A decline in a well's injectivity (“II”) results in the injection of reduced volumes of water into the target subsurface formation. In the case of enhanced recovery operations, this results in sub-optimal pressure maintenance or oil sweep to producing wells. This, in turn, can negatively impact a field's hydrocarbon recovery processes. In the case of simple water disposal, a decline in well injectivity results in an inadequate disposal of water/liquid wastes into the subsurface formation or injection pressures that may risk a loss of containment.
Correlations can generally be made concerning the effect of geomechanical forces on injectivity. If a targeted subsurface formation can be mechanically characterized as a low compressibility, stiff, and strong shear strength rock, then as injectivity decreases, the increase in operating injection pressure is typically overcome via fracturing of the targeted rock formation. This fracturing phenomenon often results in a stabilization of the well's injectivity, thereby providing a relatively constant injection pressure at a constant rate of water injection.
On the other hand, if a targeted subsurface formation can be mechanically characterized as a highly compressible, uncemented, weak-shear-strength rock, then a loss of injectivity can occur, particularly at high water injection rates.
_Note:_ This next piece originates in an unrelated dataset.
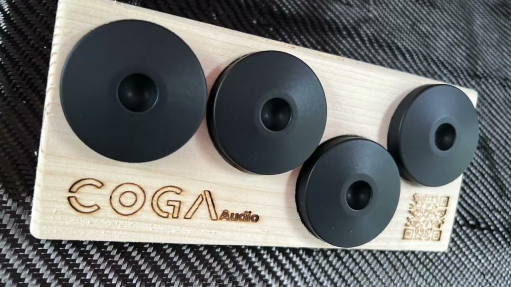 Deuxièmement, la « Composante » est une petite rondelle conçue pour être installée sous les pattes de vos appareils (ampli, lecteur CD, lecteur réseau, DAC, etc.). Comme pour « l’Originale », elle vise à contrôler les vibrations, mais avec un format plus plat et plus large, facilitant le positionnement et améliorant l’assise des appareils.

This is a result of several factors such as near-wellbore rock and/or sand fluidization and the creation of rock fines that plug pore spaces. The presence of injected particulate matter can also plug the near-wellbore matrix. The low strength and high compressibility of the rock formation minimizes the chance that a fracture will form or propagate into the rock formation. Without the “clean” rock surface exposed by a propagating fracture, the “II” of the well can decline rapidly.
Formations having a weak shear strength or having characteristics of being compressible and unconsolidated are located in various fields around the world. Examples include developments in West Africa, Gulf of Mexico, Chad, and Sakhalin (an island off the coast of mainland Russia and just north of Japan). In such developments it is a challenge to maintain injection capacity and reliability of water injection wells.
Therefore, it is desirable to have a method for designing and operating fluid injectors in highly compressible, weakly-cemented, weak-shear-strength rock formations that avoids the loss of injectivity seen in such wells.